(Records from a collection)

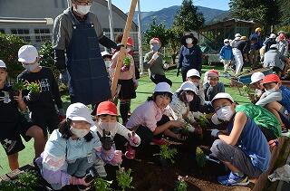 花の苗植え~冬~ 投稿日時 : 2021/10/26 学校管理者 今日は、花の苗植えを行いました。幼稚園生と合同で、小学生がお世話をしながら幼稚園のチューリップの球根を植えました。その後、小学生は、卒業式用の1人人プランターにビオラを植えました。更に!!花壇に「ノースポール」「アリッサム」「ナデシコ」「キンギョソウ」を植えました。学校が一気に華やかになりました。また、この日は、滝の下地区の寿会の方々5名が、苗植えの指導に来てくださいました。お忙しい中ありがとうございました。心をこめて植えた花たちを大切に育てていきたいと思います。
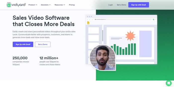 Vidyard is also an excellent video marketing platform letting you create or record personalized videos and share them with your colleagues and clients. This platform offers tools for every stage you may involve in, from video creation to video analytics.
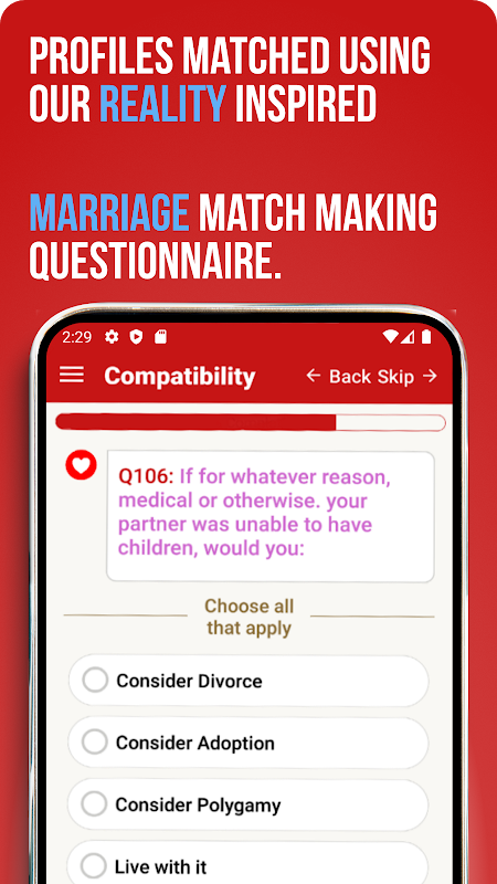 Nuestro algoritmo basado en la realidad, basado en el cuestionario de emparejamiento matrimonial, lo empareja con personas más allá de la apariencia. Personas que encajan perfectamente contigo. Más profundo que solo miradas y líneas de recogida.
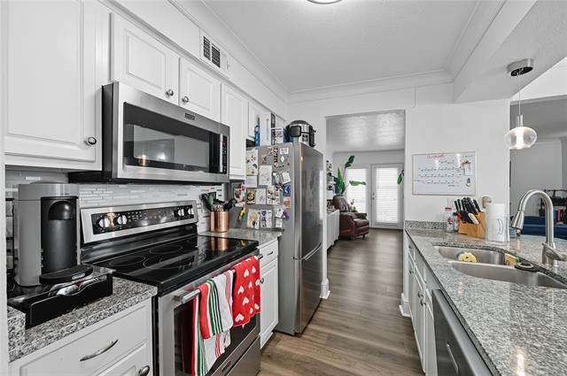 Updated condo featuring a spacious living area that flows seamlessly into the kitchen and dining space. The living room opens to a private balcony with views of the sparkling pool, perfect for relaxing or entertaining. The large primary suite offers a walk-in closet, a stunning en suite bath, and its own private balcony. The second bedroom is bright and sunny, also boasting a generous walk-in closet. Enjoy the resort-style pool just steps away, ideal for unwinding or gathering with friends. Conveniently located close to Greenville with all of its fabulous restaurants and shops, and just minutes from SMU.
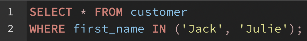 예시를 통해서 확인해보자. 만약 고객의 이름 중에서 Jack과 Julie와 같은 이름이 있는지 확인하고자 한다. 그럴 때는 문제를 이렇게 해결할 수 있다.
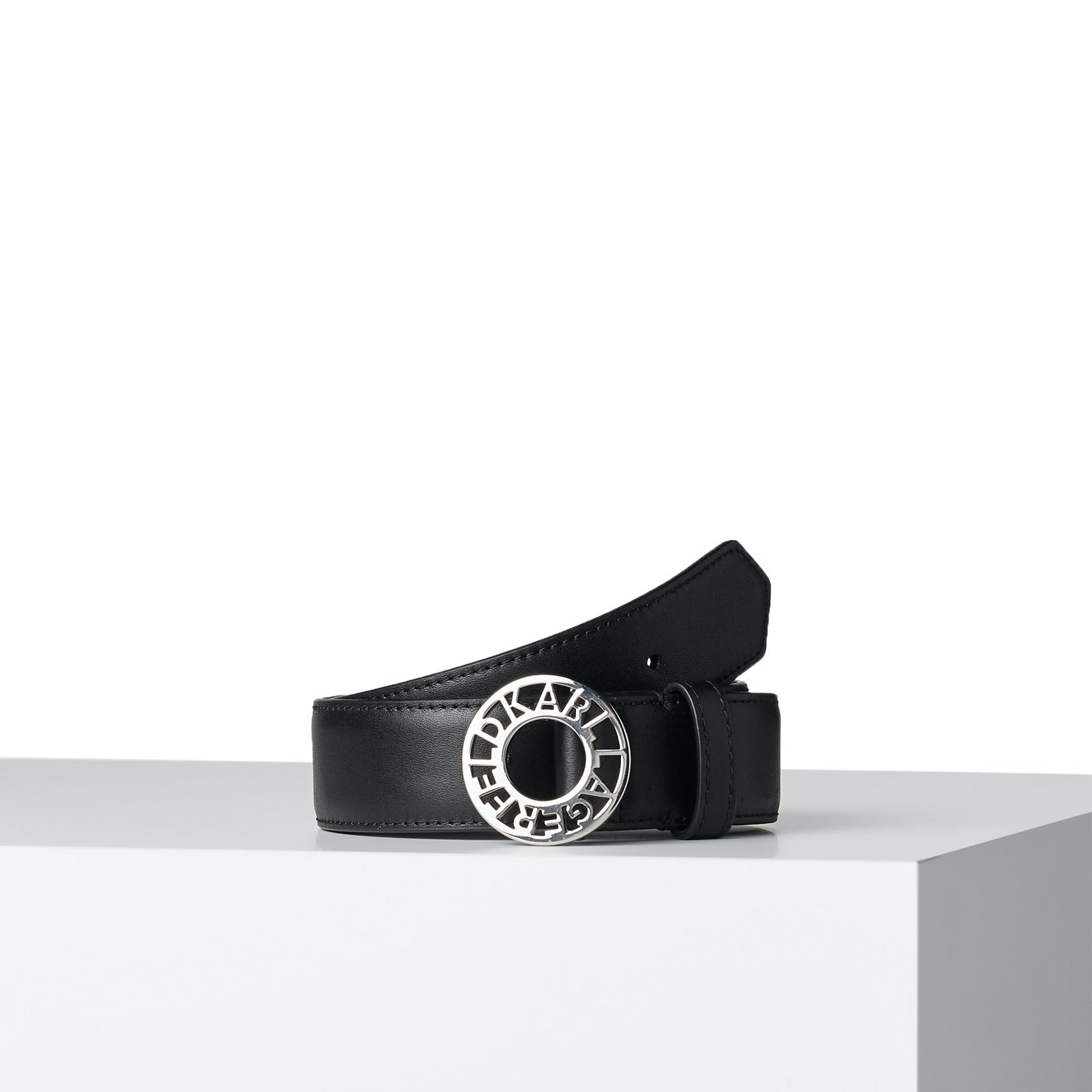 - Buckle: Prominent circular silver-tone metal buckle with intricate "KARL LAGERFELD" lettering cut out.

• REQUIRED ACTION
Write out every entry exactly. Pictures do not belong in the copy.

• RESPONSE BOX
 花の苗植え~冬~ 投稿日時 : 2021/10/26 学校管理者 今日は、花の苗植えを行いました。幼稚園生と合同で、小学生がお世話をしながら幼稚園のチューリップの球根を植えました。その後、小学生は、卒業式用の1人人プランターにビオラを植えました。更に!!花壇に「ノースポール」「アリッサム」「ナデシコ」「キンギョソウ」を植えました。学校が一気に華やかになりました。また、この日は、滝の下地区の寿会の方々5名が、苗植えの指導に来てくださいました。お忙しい中ありがとうございました。心をこめて植えた花たちを大切に育てていきたいと思います。
 Vidyard is also an excellent video marketing platform letting you create or record personalized videos and share them with your colleagues and clients. This platform offers tools for every stage you may involve in, from video creation to video analytics.
 Nuestro algoritmo basado en la realidad, basado en el cuestionario de emparejamiento matrimonial, lo empareja con personas más allá de la apariencia. Personas que encajan perfectamente contigo. Más profundo que solo miradas y líneas de recogida.
 Updated condo featuring a spacious living area that flows seamlessly into the kitchen and dining space. The living room opens to a private balcony with views of the sparkling pool, perfect for relaxing or entertaining. The large primary suite offers a walk-in closet, a stunning en suite bath, and its own private balcony. The second bedroom is bright and sunny, also boasting a generous walk-in closet. Enjoy the resort-style pool just steps away, ideal for unwinding or gathering with friends. Conveniently located close to Greenville with all of its fabulous restaurants and shops, and just minutes from SMU.
 예시를 통해서 확인해보자. 만약 고객의 이름 중에서 Jack과 Julie와 같은 이름이 있는지 확인하고자 한다. 그럴 때는 문제를 이렇게 해결할 수 있다.
 - Buckle: Prominent circular silver-tone metal buckle with intricate "KARL LAGERFELD" lettering cut out.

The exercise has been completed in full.